I'm curious to know some of the different ways one might describe Grønland in Norwegian to someone who hasn't been there before.



SweetWaterGringo said:


> The poster who said that "barrio" is  more appropriate is absolutely correct.  It is used the same way as  "hood" in American Spanish.  It originated, I believe, as a literal  translation of "hood" in the Los Angeles area and trickled down to the  Spanish speaking countries of Central America, like many others, such as  "oye, perro" "gallina" etc. (Pardon the vulgarity.)

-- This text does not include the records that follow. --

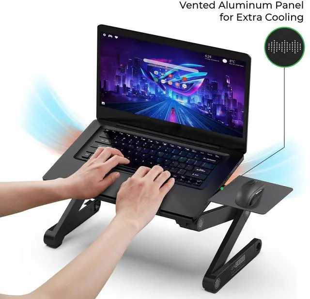 Upgrade your laptop holder experience with the WorkEZ Best Adjustable Laptop Cooling Stand and Lap Desk, perfect for enhancing your productivity and comfort. This versatile laptop stand is designed for both desk and lap use, featuring a portable and adjustable aluminum riser that provides the ideal height and angle for your needs. Say goodbye to neck strain and poor posture with our ergonomic laptop stand that promotes better sitting or standing positions, reducing screen glare and discomfort. Its aluminum panel with cooling holes ensures your laptop stays cool without noisy fans. The non-slip silicone rubber wrist guard and traction bands keep your devices in place, whether you're working at a desk or lounging on the couch.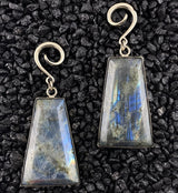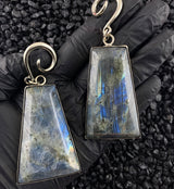 Sold in pairs (2 pieces) Natural labradorite stone NOTICE: This is the exact pair you will receive 4G or bigger to wear Handle with care Size: 85mm x 38mm +- Weight: 55 grams each White brass hooks Brass is not meant for long term wear May oxidize under extreme moisture conditions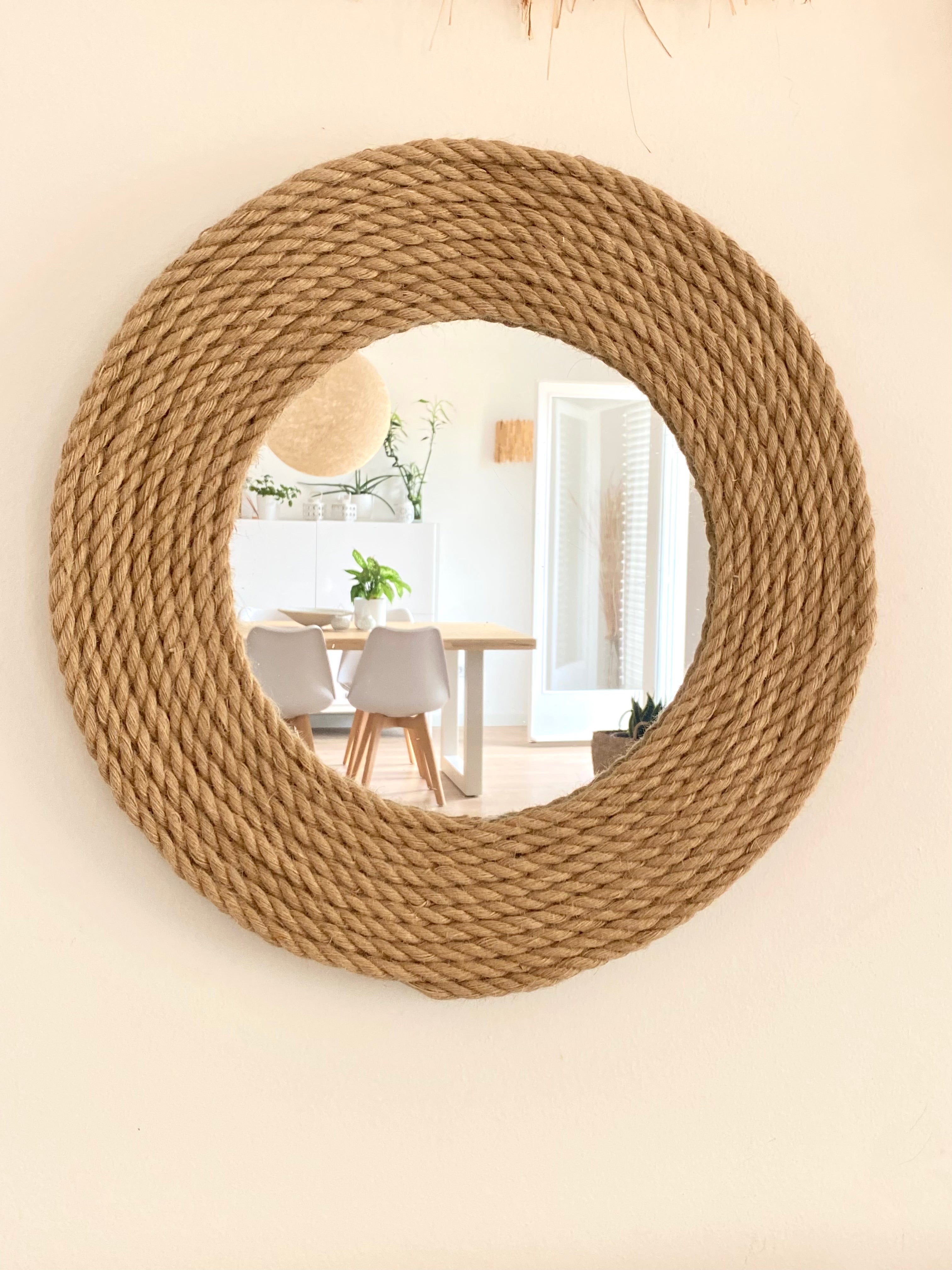 Le miroir rond en corde de jute CORD JUTE de Geometrik Design est une pièce artisanale et polyvalente, fabriquée avec du jute 100 % naturel, qui s'adapte à tous les styles de décoration, qu'ils soient méditerranéens, rustiques ou classiques. Son design unique, avec des cercles de jute qui s'enroulent autour du miroir, en fait le centre d'attention de n'importe quel espace, apportant naturel et personnalité. De plus, comme il est possible de personnaliser ses dimensions, il peut être adapté aux besoins spécifiques de chaque client, garantissant ainsi une ambiance parfaite dans chaque maison.

Yes, "barrio" would definitely describe the neighborhood where the Salvadoran restaurant was, but would most Norwegians understand what I meant if I used "the barrio" instead of "the hood" in my sentence?


----------



## sendintheclowns

Grefsen said:


> Takk for hjelpen!
> 
> I'm curious to know some of the different ways one might describe Grønland in Norwegian to someone who hasn't been there before.

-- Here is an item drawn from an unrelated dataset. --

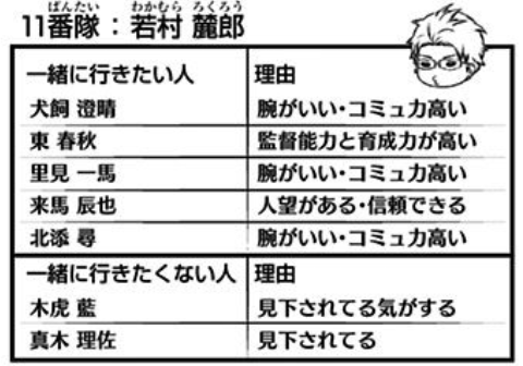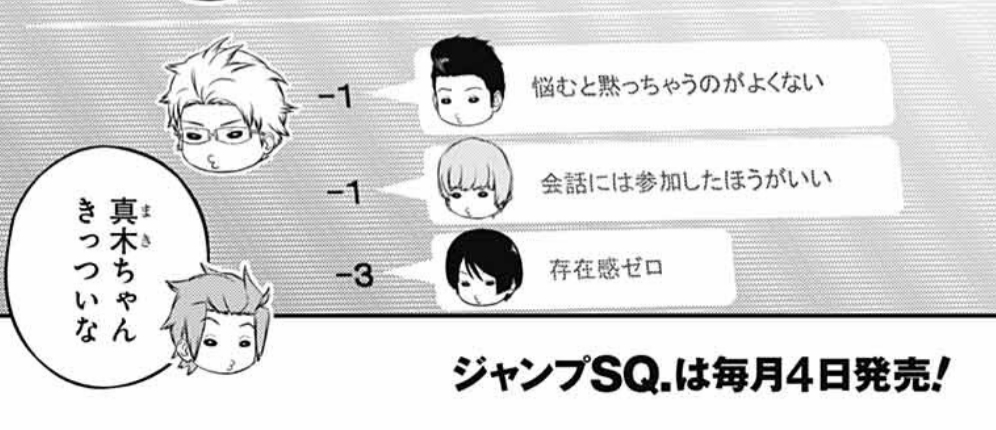 真木はこう……ハイキュー!!の月島によりエッジを効かせた言葉を使うね。表紙裏でも優秀でないと判断した人にはかなり当たりがキツいみたいだ。>>54

That is an excellent question! It really got me thinking about how to describe it. Maybe something like: 

"I innvandrerstrøket nede på østkanten." 

"Ved Akerselva, der bare arbeidsfolk pleide å bo." 

Fact is, I haven't lived in Oslo for so long ... it's probably completely different now! Last time I visited the area, it certainly looked a lot more upmarket than it used to. Nowadays, probably more like: 

"I det fargerike og koselige Grønlandsområdet"


----------



## Grefsen

Grefsen said:


> Yes, "barrio" would definitely describe the neighborhood where the Salvadoran restaurant was, but would most Norwegians understand what I meant if I used "the barrio" instead of "the hood" in my sentence?


Would it be correct if I used "latino nabolag" instead of "barrio?"


----------